$$\rightleftharpoonup{xx}$$
$$\longleftharp{xx}$$,
$$\longrightharp{xx}$$,
Zapotrzebowanie na przeciwciała, które spełniają potrzeby zarówno badań podstawowych, jak i klinicznych, jest wysokie i w przyszłości znacznie wzrośnie. Oczywiste jest jednak, że tradycyjne technologie monoklonalne nie są osamotnione w tym zadaniu. Doprowadziło to do opracowania alternatywnych metod w celu zaspokojenia zapotrzebowania na wysokiej jakości i odnawialne odczynniki o powinowactwie do wszystkich dostępnych elementów proteomu. W tym celu opracowano wysokoprzepustowe metody przeprowadzania selekcji z bibliotek przeciwciał syntetycznych wyświetlanych przez fagi do zastosowań obejmujących różne antygeny i zoptymalizowane pod kątem szybkiej przepustowości i sukcesu. W niniejszym dokumencie szczegółowo opisano protokół, który ilustruje za pomocą demonstracji wideo równoległą selekcję klonów Fab-phage z bibliotek o wysokiej różnorodności w stosunku do setek celów przy użyciu ręcznego 96-kanałowego urządzenia do obsługi cieczy lub zautomatyzowanego systemu robotyki. Korzystając z tego protokołu, pojedynczy użytkownik może wygenerować setki antygenów, równolegle wybrać przeciwciała przeciwko nim i zweryfikować wiązanie przeciwciał w ciągu 6-8 tygodni. Zwrócono uwagę na: i) realny format antygenu, ii) charakterystykę antygenu przed selekcją, iii) krytyczne etapy, które wpływają na selekcję klonów specyficznych i o wysokim powinowactwie, oraz iv) sposoby monitorowania skuteczności selekcji i charakterystyki klonów przeciwciał we wczesnym stadium.

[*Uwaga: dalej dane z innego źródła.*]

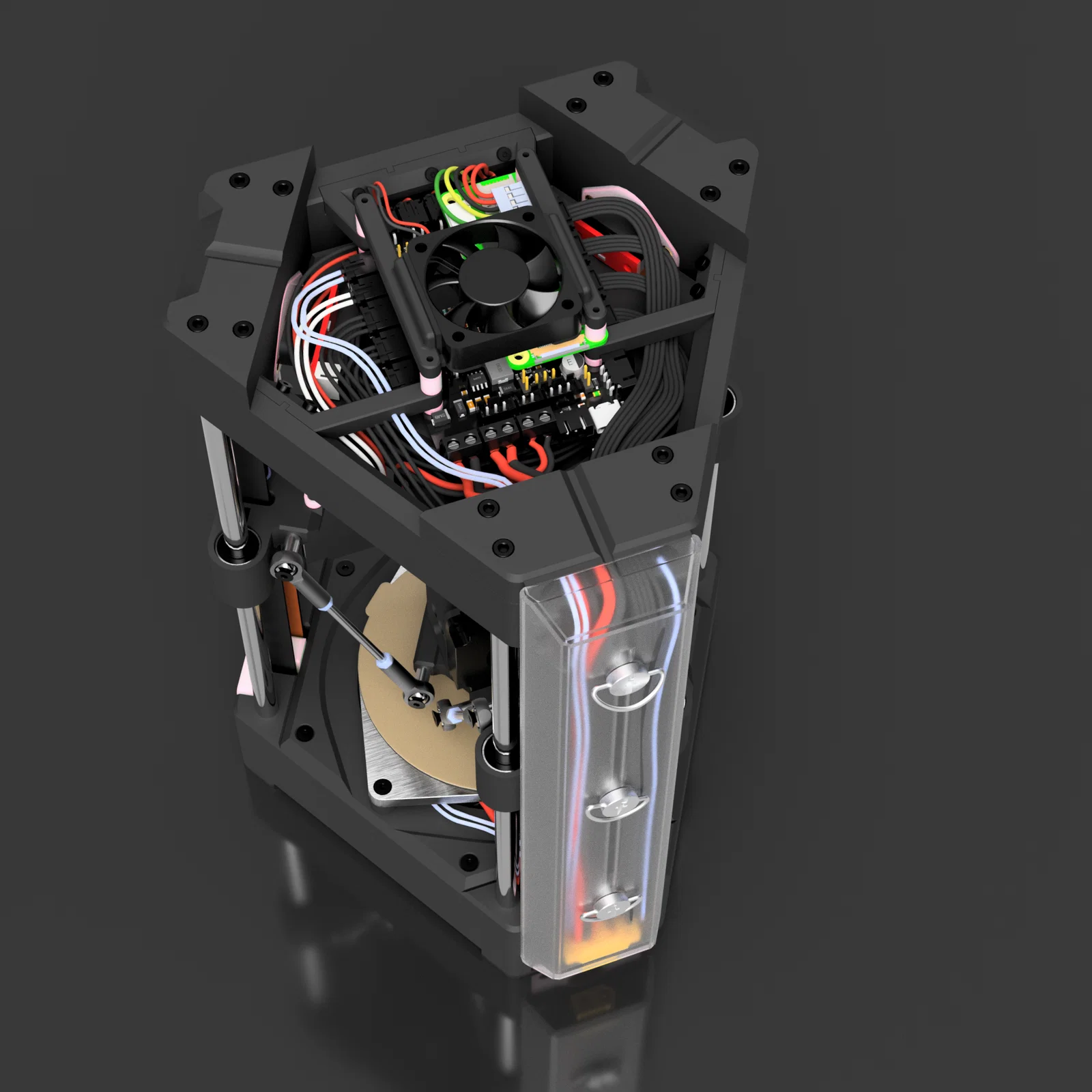 MIN_SB01_80 là phiên bản mình tinh chỉnh từ micro delta MIN của Rolohaun, hướng tới máy mini gọn hơn: Revo micro + 2 quạt 3010, belt 9/10mm, build volume 80×75mm, bed nhiệt 100mm và mainboard mount dạng modular.

Dzięki takiemu podejściu uzyskaliśmy syntetyczne fragmenty przeciwciał (Fabs) dla wielu klas docelowych, w tym jednoprzebiegowych receptorów błonowych, wydzielanych hormonów białkowych i wielodomenowych białek wewnątrzkomórkowych. Fragmenty te są łatwo przekształcane w przeciwciała o pełnej długości i zostały zweryfikowane pod kątem wysokiego powinowactwa i swoistości. Ponadto wykazano, że są one funkcjonalne w różnych standardowych testach immunologicznych, w tym Western blot, ELISA, immunofluorescencji komórkowej, immunoprecypitacji i powiązanych testach. Metodologia ta przyspieszy odkrywanie przeciwciał i ostatecznie przybliży nas do realizacji celu, jakim jest generowanie odnawialnych, wysokiej jakości przeciwciał przeciwko proteomowi.